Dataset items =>
########

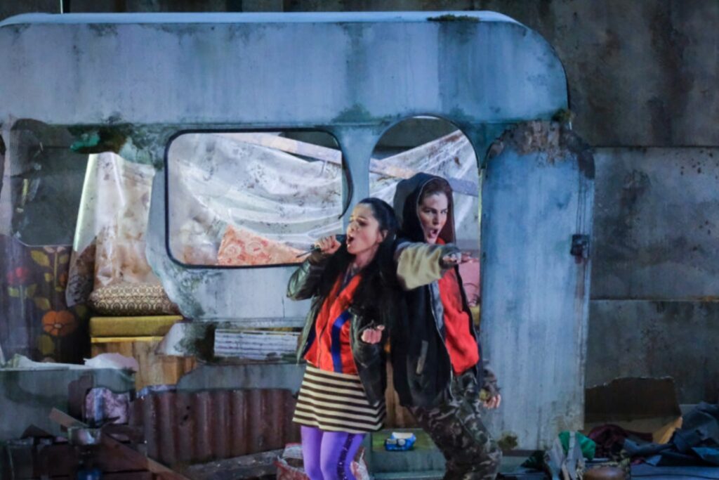 The production, featured December 7 to 17, gets off to a wonderful start. It is set in present day and in a poor wasteland, where the children Hansel and Gretel try to distract themselves from “the hunger that bites them” (“Ei, wie beisst mich der Hunger!” says Gretel at the beginning of the first act) by singing and dancing. The adults, meanwhile, take refuge in alcohol. The family caravan has a broken window and is surrounded by plastic bags. The director, who also designed the sets and costumes, successfully combines fantasy and realism, punctuating the scenography with very well-chosen references. In the second act, the Pink Fairy and the Sandman resemble Stephen King’s killer clown Pennywise, inspired himself by the homosexual pedophile serial killer John Wayne Gacy, who dressed up as a clown to gain the sympathy of his victims’ parents, or the arrival of the Sandman on a swan, like Lohengrin, showing the Wagnerian inspiration of the work. Even the silent dancers who walked on their hands or on all fours on their backs while sleeping in the forest, and painted with skulls, seem justified. The acting is also very good, with Hansel dancing as if in an MTV rap video, for example.
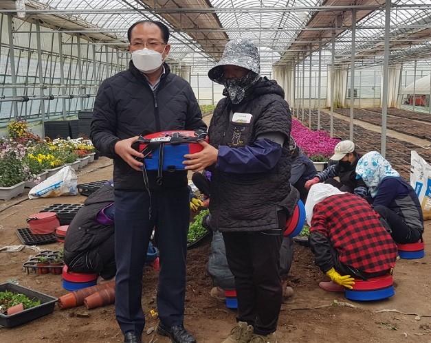 | ▲ 김기수 해남군농업기술센터 소장, 관내 농가에 농작업용 쪼그리방석 전달 / 사진=해남군 제공 |
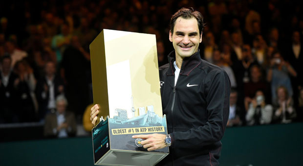Federer, que recibió tras el partido un trofeo que consistía en un enorme número 1 con la leyenda de Número 1 de más edad de la historia, superará el lunes en la próxima clasificación de la ATP a su gran rival, Rafael Nadal.
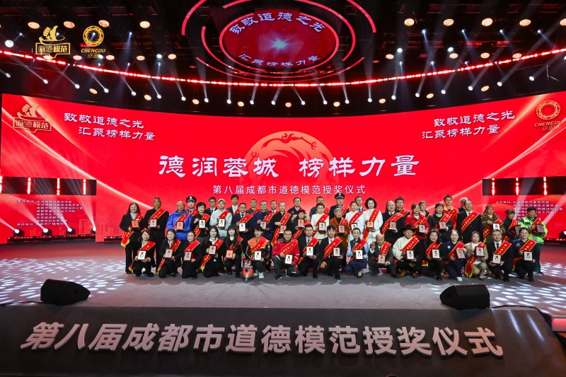 授奖仪式为50人(组)来自各行各业的道德模范授奖,并分享他们的故事。活动现场,道德星光璀璨,与城市文明相映成辉,书写温暖生动的时代注脚,勾勒出 “崇德向善的人文成都” 最美轮廓。
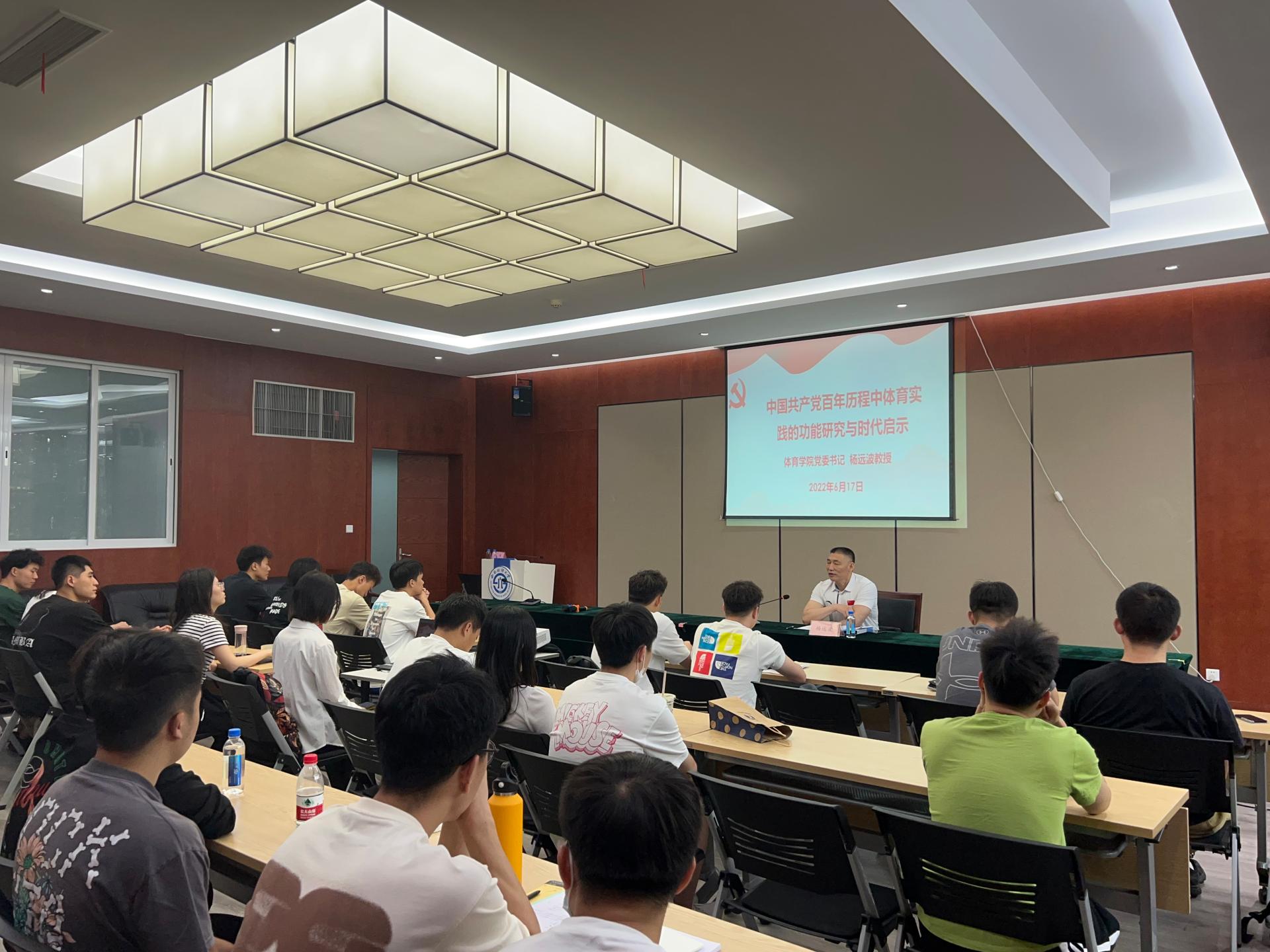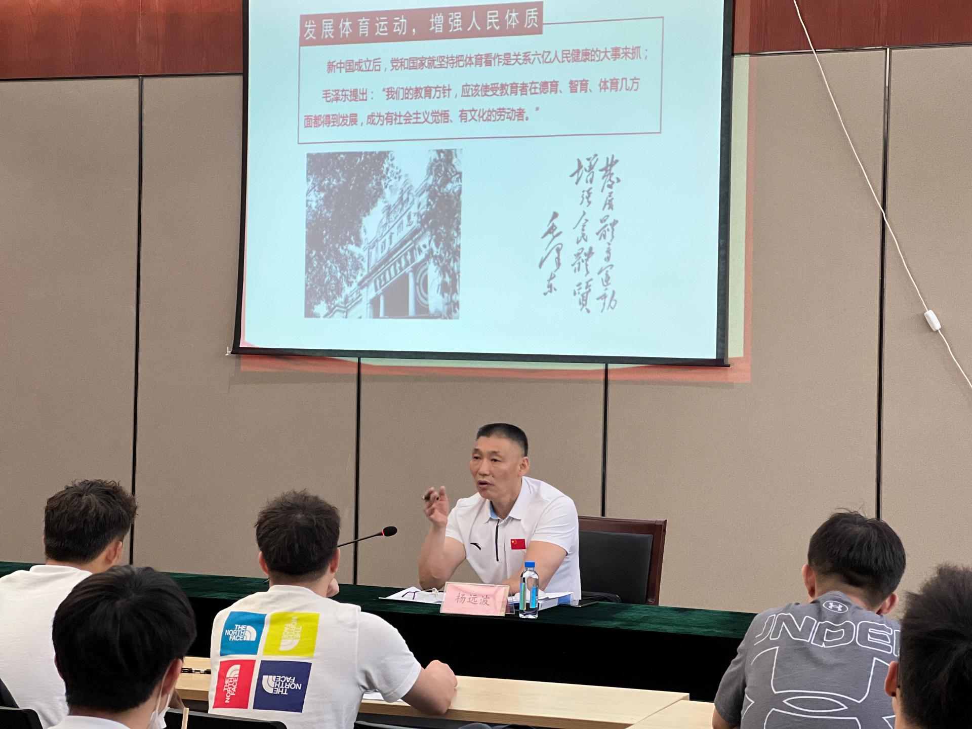 6月17日,乐鱼手机版app党组织书记杨远波在体育馆会议室为全体在校研究生开展了题为《中国共产党百年历程中体育实践的功能研究与时代启示》的专题思政理论课。
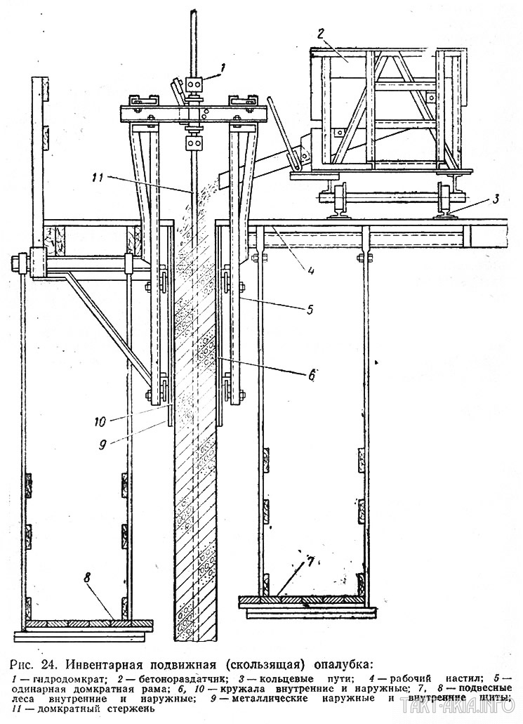 Домкраты устанавливаются на рамную часть конструкции. С их помощью производится подъем опалубки. В качестве направляющих выступают стержни.
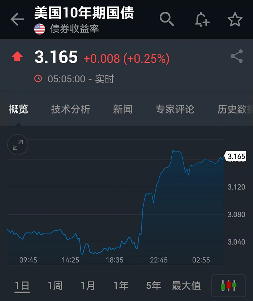 其中,美国10年期国债收益率,一口气涨4%,已经达到3.165%。
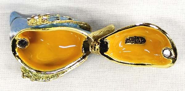 Enamel Blue Jay Trinket Box, measures 2.25''L x 2''H, enamel with rhinestone bling
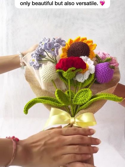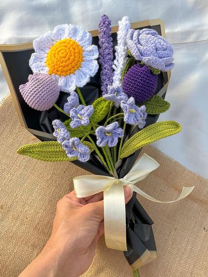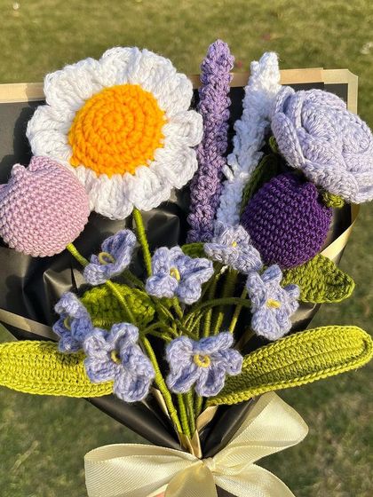 We craft handmade crochet flowers and bouquets, including tulips, sunflowers, daisies, roses, lilies, and forget-me-nots. Each piece features intricate craftsmanship with options for LED lights and custom color schemes.
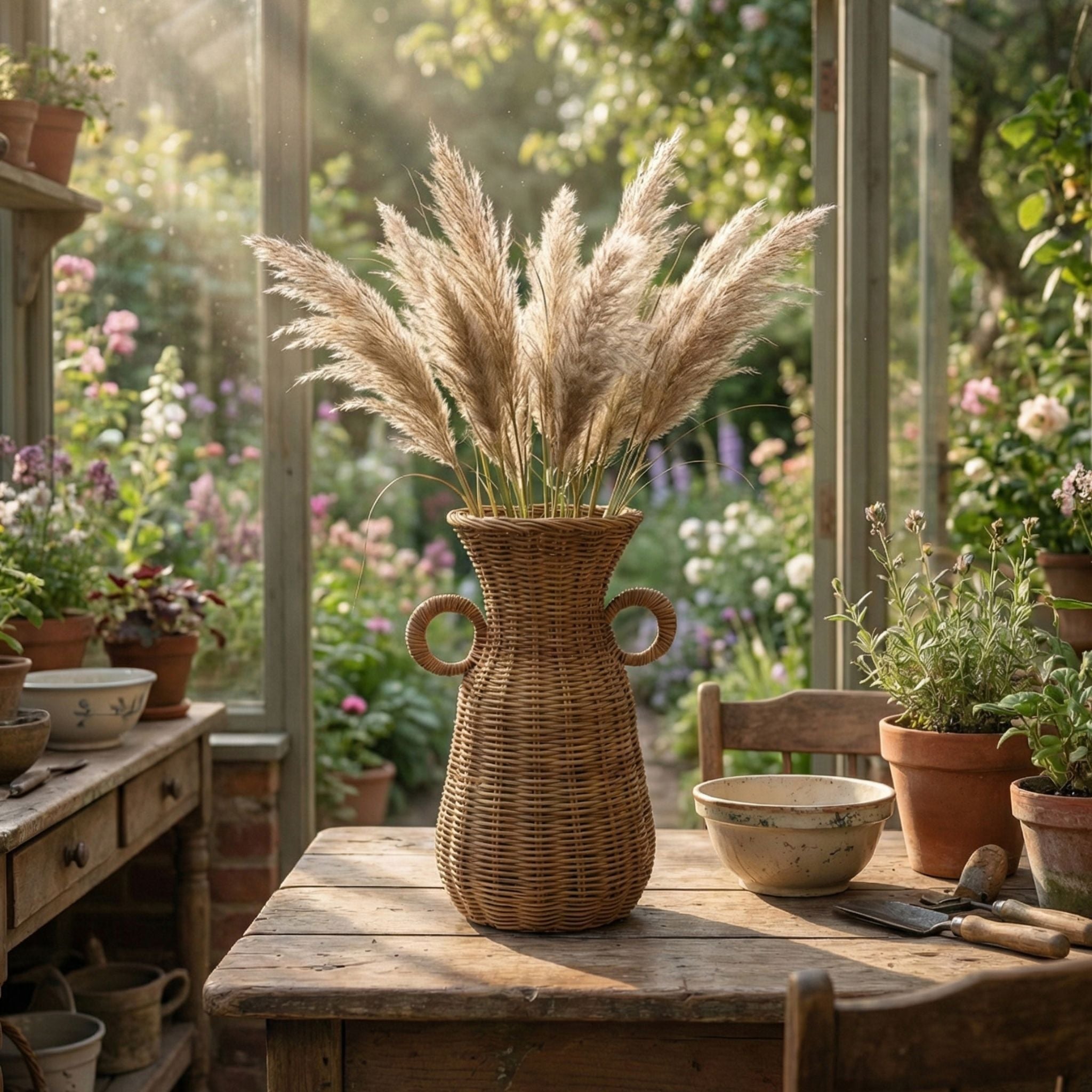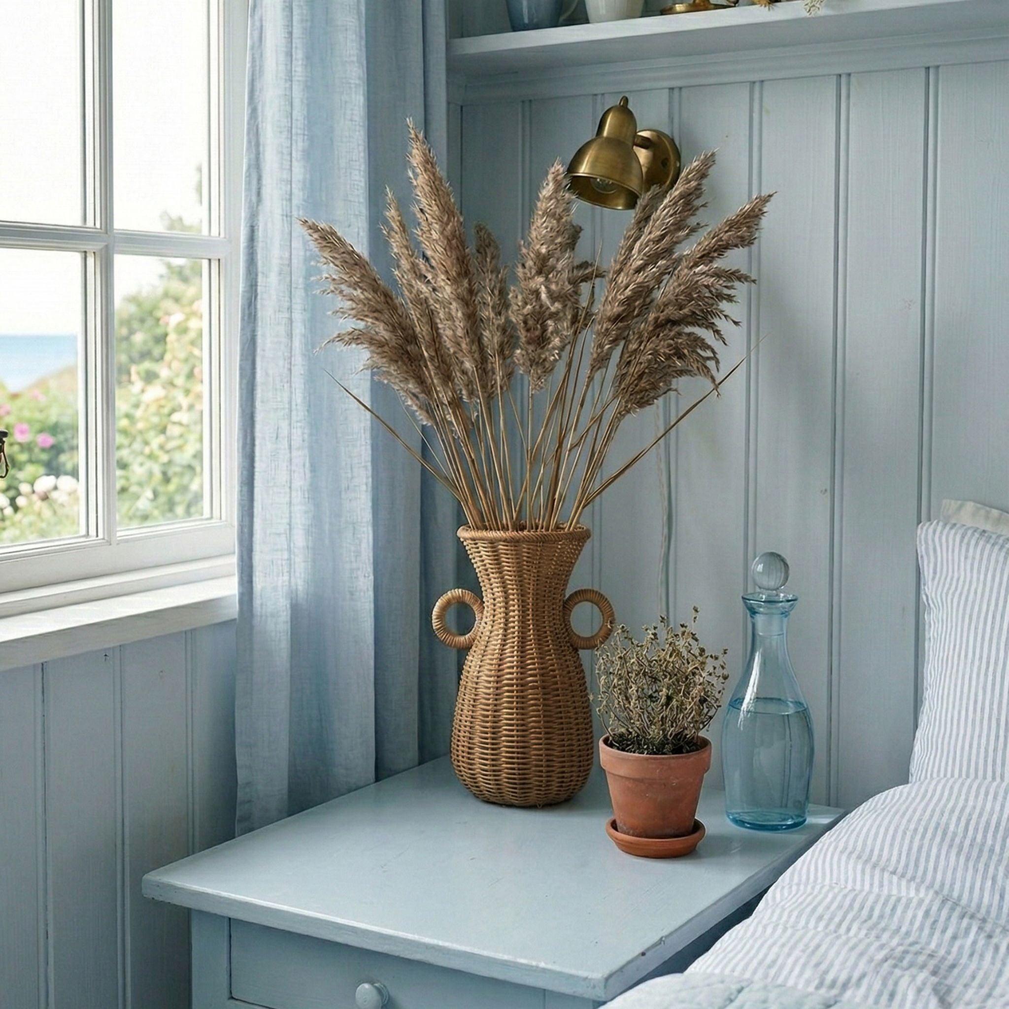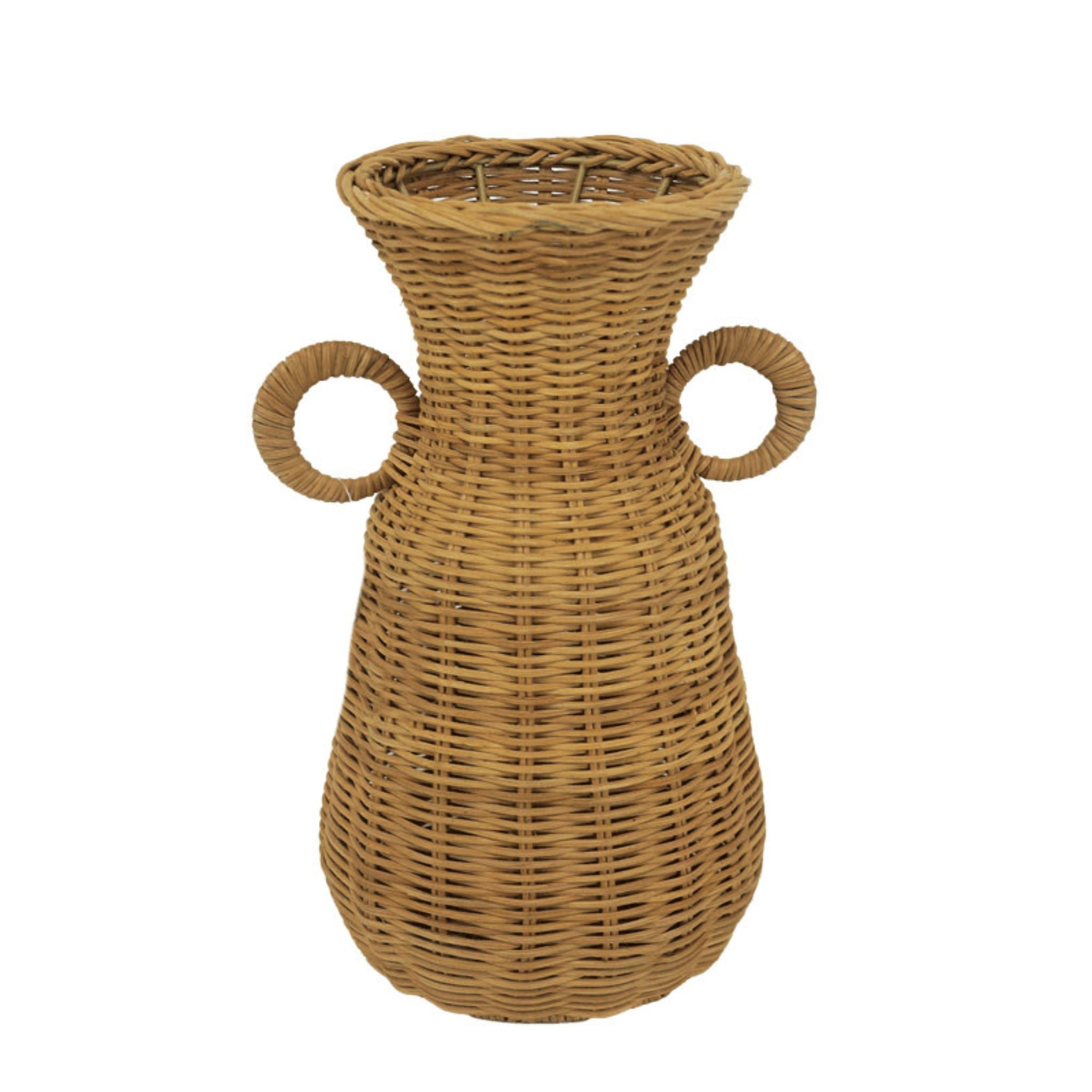 En dekorativ vase i naturfarvet rattan, der tilfører et varmt og naturligt udtryk til din indretning. Det smukke flettede design gør vasen til en stilfuld detalje i både stue, entré eller på spisebordet. Brug den til tørrede blomster for et roligt og nordisk look, eller sæt et glas med vand i vasen, så den også kan bruges til friske blomster.

########

INSTRUCTIONS TO FOLLOW => Above are the records; return the lines in them from the one with "사진=해남군 제공 |" to the one with "We craft handmade", inclusive, exactly and without images.

RESPONSE FOR THIS EXERCISE =>
 | ▲ 김기수 해남군농업기술센터 소장, 관내 농가에 농작업용 쪼그리방석 전달 / 사진=해남군 제공 |
Federer, que recibió tras el partido un trofeo que consistía en un enorme número 1 con la leyenda de Número 1 de más edad de la historia, superará el lunes en la próxima clasificación de la ATP a su gran rival, Rafael Nadal.
 授奖仪式为50人(组)来自各行各业的道德模范授奖,并分享他们的故事。活动现场,道德星光璀璨,与城市文明相映成辉,书写温暖生动的时代注脚,勾勒出 “崇德向善的人文成都” 最美轮廓。
 6月17日,乐鱼手机版app党组织书记杨远波在体育馆会议室为全体在校研究生开展了题为《中国共产党百年历程中体育实践的功能研究与时代启示》的专题思政理论课。
 Домкраты устанавливаются на рамную часть конструкции. С их помощью производится подъем опалубки. В качестве направляющих выступают стержни.
 其中,美国10年期国债收益率,一口气涨4%,已经达到3.165%。
 Enamel Blue Jay Trinket Box, measures 2.25''L x 2''H, enamel with rhinestone bling
 We craft handmade crochet flowers and bouquets, including tulips, sunflowers, daisies, roses, lilies, and forget-me-nots. Each piece features intricate craftsmanship with options for LED lights and custom color schemes.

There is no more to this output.